Quinton, now a trainer, rode the legendary horse in the second of his three consecutive Cox Plate wins.
While the race shines brightly in his mind, so does Quinton’s horror after drawing the inside.
“I was terrified of drawing the one alley because they pack up and get around you and start taking off,” Quinton told AAP.
After relaying his concerns to master trainer Tommy Smith, Quinton got a simple response.
“He said to me ‘when you get to the 800 metres, just pull out and go’,” Quinton said.
“I thought there’s not much good of me going any further with this conversation because sometimes it’s just not that easy to do that.”
As it worked out, Quinton was able to get off the fence at the 1000m mark, but clear running was not established as he tracked up behind four horses.
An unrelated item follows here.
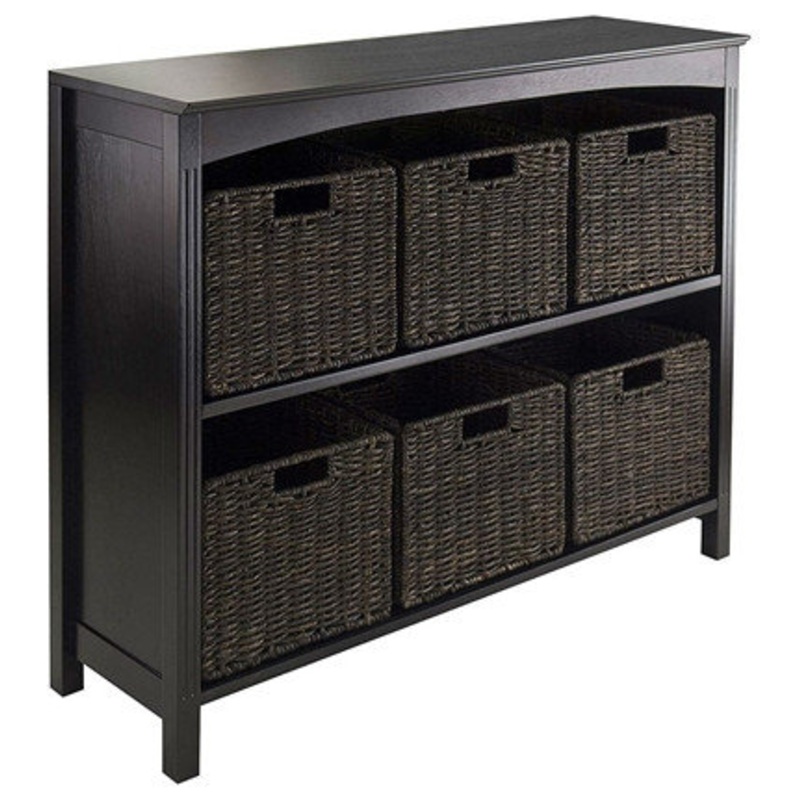 This spacious Espresso 3 Tier Bookcase Shelf Dresser with 6 Storage Baskets is ideal for displaying your treasures, storage, dresser, kids room, or your books. Simple and elegant design is a perfect additional to any home. Comes with 6 Corn Husk Foldable B

“I wasn’t going that good either, but once I sort of got inside the Caulfield Cup winner (Silver Bounty) and pushed him out a little bit around the turn, he straightened his head up,” Quinton said.
“He just took off the big old bugger.”
About halfway up the short Moonee Valley straight, Quinton knew the race was his.
“Roy Higgins rode the second horse Lawman and pulling up he said to me ‘when I went up around them all I thought you had no chance’.
“And that’s what a great horse he was.”
In this year’s race, Quinton has Winx’s versatility giving jockey Hugh Bowman the edge over the John O’Shea-trained Hartnell.
“I’d have to put her slightly ahead,” Quinton said.
“I love Hartnell and John’s got him flying this time.
“But I just think that Hughie might have a few more strings in his bow with her.
“I don’t think it will matter how the race is run for her but it may have some bearing on him.”
Navigating the Valley won’t be an easy task for the riders, Quinton said.
“It’s a bugger of a track to ride I reckon. You need plenty of luck and you need it at the right time,” he said.
But the most important ingredient to winning a Cox Plate is simple.
“It does help if you’re on a bloody good horse.”